By 2007, Jamesburg, New Jersey, a town of 6,000, had four walk-in bank branches — Bank of America, Constitution, PNC, and Sovereign — complete with bricks, mortar, tellers, and aura of trust along its quaint “Main Street” downtown corridor.
Apparently that wasn’t enough.
In 2008, Chase Bank and TD Bank broke ground. Thousands of motorists now pass them every weekday morning on their way to the New Jersey Turnpike and again every evening on their way home. If I had a hand in it, I might insert a drive-thru restaurant, of which there are currently none, into the path of commuters. But I don’t and the Invisible Hand chose otherwise: to erect two more banks for a total of six banks within one square mile, or one for every 1000 residents. (To be fair, the surrounding township has 30,000 people, but probably a dozen more banks.)
We live in an era of electronic banking when ATMs dispensing paper money seems horribly analog. Walking through a door under a roof of a building representing the shelter for my money to talk to a person is, I’ll admit, occasionally reassuring, and even less occasionally useful. But everyone must admit that this is an activity growing rarer by the day.
So why are bank branches staging a last stand in this small New Jersey town?
Probably because the surrounding community, Monroe Township, is home to several retirement communities whose residents select banks based on the accessibility of branches. (They also buy newspapers and watch ABC’s World News with Charles Gibson at 6:30 and hence commercials for prescription drugs.)
Several new shopping centers have gone up in the area and each seems to have the same collection of stores, anchored by a drug store and a bank.
The data may say that these are profitable investments, but for how long?

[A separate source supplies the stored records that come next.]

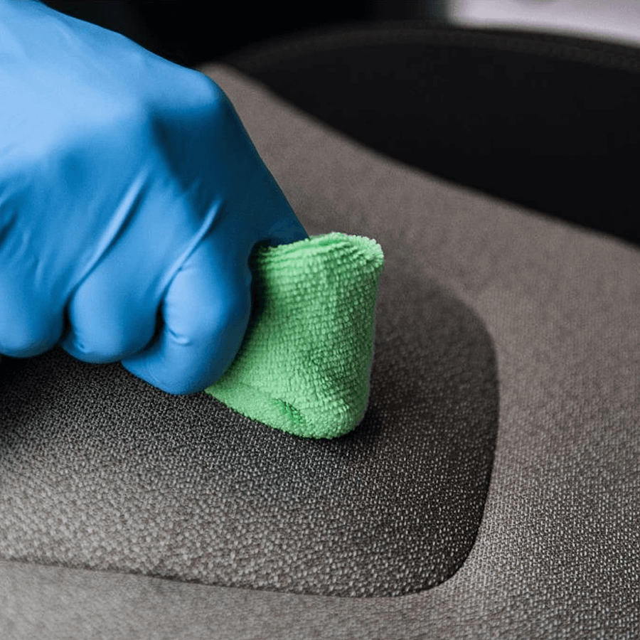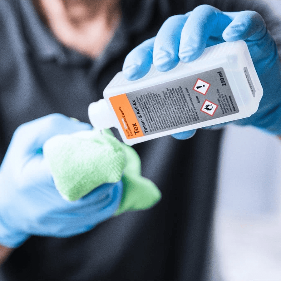 Смочить составом пятно. Через 30 секунд протереть микрофиброй, смоченной составом. Производить сбор загрязнения, перенося его на чистую поверхность микрофибры (собирательные движения). Для работы на пластике использовать мягкую щётку или зубную щётку, смачивая ее и удаляя краску с поверхности структуры пластика. Затем наносить состав для химчистки. Обработать щёткой или паром. Собрать состав с поверхности влажной микрофиброй или моющим пылесосом.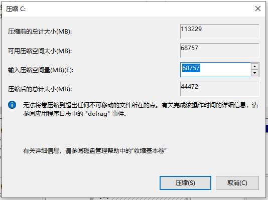 3、输入压缩空间量,其大小由接下来要安装的win7系统决定。此处选择安装win7系统,确定压缩空间为50000MB。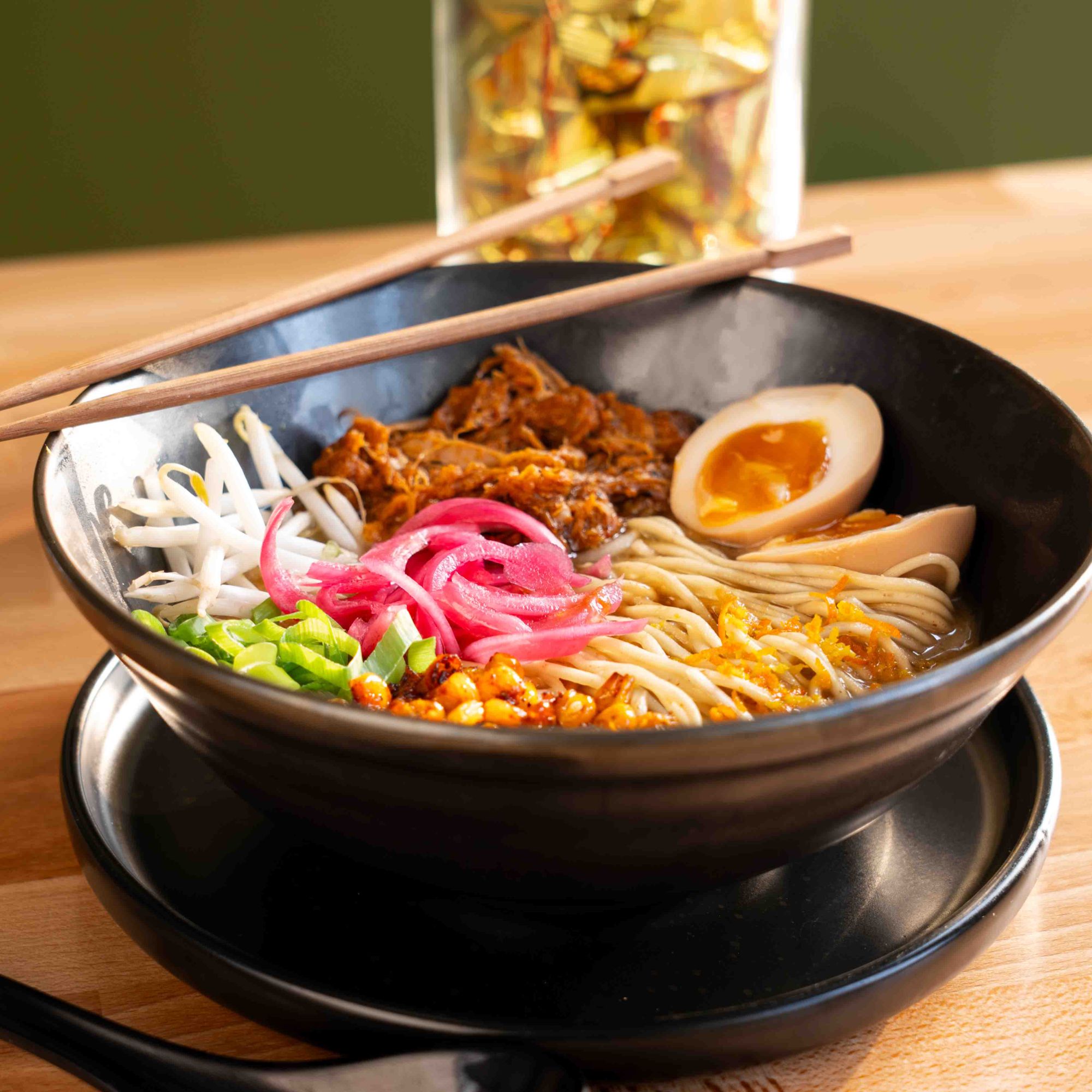 - Shoyu - długo gotowany bulion wieprzowo-drobiowy z głębią dojrzewającego sosu sojowego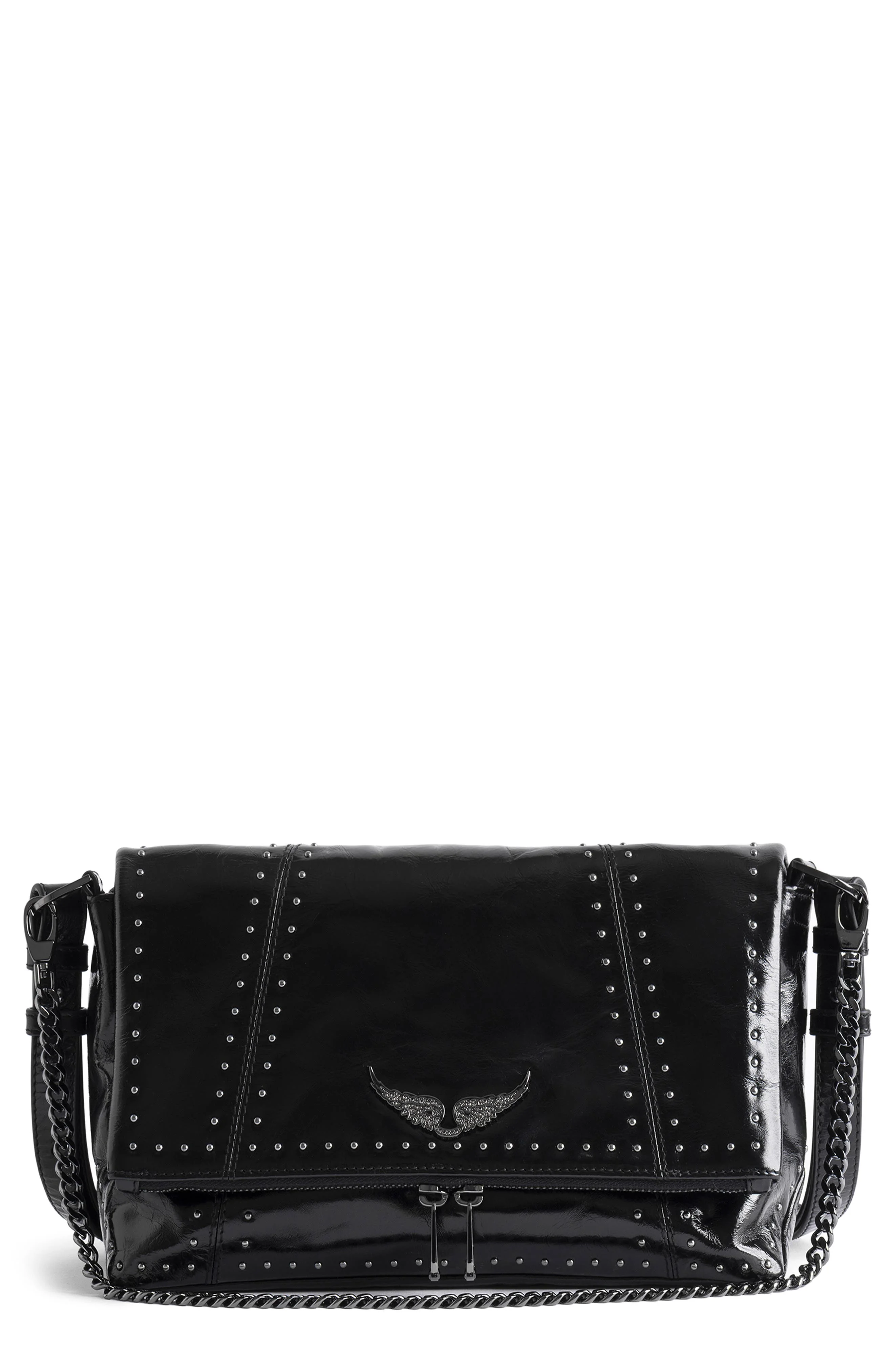 Gleaming studs and an embellished wing motif lend bold attitude to a sleek crossbody bag shaped from calfskin leather. Two-way top-zip closure Removable chain strap Interior wall pocket Structured silhouette with flat base for stability Leather Made in India

Jamesburg would seem to have great potential as a consumer destination: a walkable urban strip in the center of a relatively affluent suburban township, on the bank of a gorgeous lake adjacent to a 675 acre park. Yet it has a few mom and pop shops, one Subway, one Dunkin’ Donuts, and one gas station. And six banks. Go figure.
Are banks and coffeehouses the last bastion of “bricks, not clicks”?
Or is it that banks want to capture the physical customer enroute to the freeway entrance so as to retain him as an online customer for the rest of his transactions?